5-Methyluridine is Ubiquitous in Pseudomonas aeruginosa tRNA and Modulates Antimicrobial Resistance and Virulence.

Building on decades of work in characterizing the dozens of RNA modifications in the microbial epitranscriptome, recent advances in analytical technology and genetics have revealed systems-level functions for many tRNA modifications. The tRNA (uracil-5-)-methyltransferase TrmA and its product, 5-methyl uridine (m⁵U) at position 54 in the T-loop, however, has not been linked to a specific phenotype. Here, we defined the functional and biological roles of TrmA in Pseudomonas aeruginosa (PA14), a major multidrug-resistant pathogen.
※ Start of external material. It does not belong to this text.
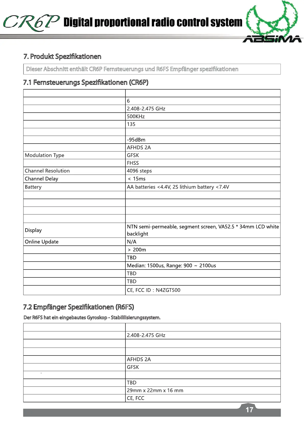 Dieser Abschnitt enthält CR6P Fernsteuerungs und R6FS Empfänger spezikationen
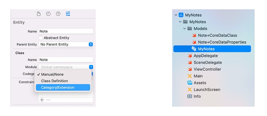 The Xcode will generate two files CoreDataClass and CoreDataProperties. CoreDataProperties file is sort of the representation of our data model(entity) which will have attributes and relationship property. CoreDataClass is a class that is available to us extend or add some properties to the Note class.

Surprisingly, though TrmA was found to site-specifically catalyze m⁵U54 on all PA14 tRNAs, loss of TrmA had no effect on the levels of any of 36 tRNA modifications except m⁵U and had minimal effects on multiple phenotypic parameters, including growth rate, morphology, motility, and biofilm formation. However, loss of TrmA conferred a striking polymyxin antibiotic resistance. mRNA and tRNA profiling and proteomics analyses revealed that TrmA regulates the expression of codon-biased gene families at the level of translation, including components of a type III secretion system (T3SS). Loss of TrmA upregulated T3SS, leading to increased macrophage IL-1β in bacterial challenge tests. Altogether, these results revealed novel biological functions of TrmA and its roles in modulating gene expression at multiple levels in P. aeruginosa.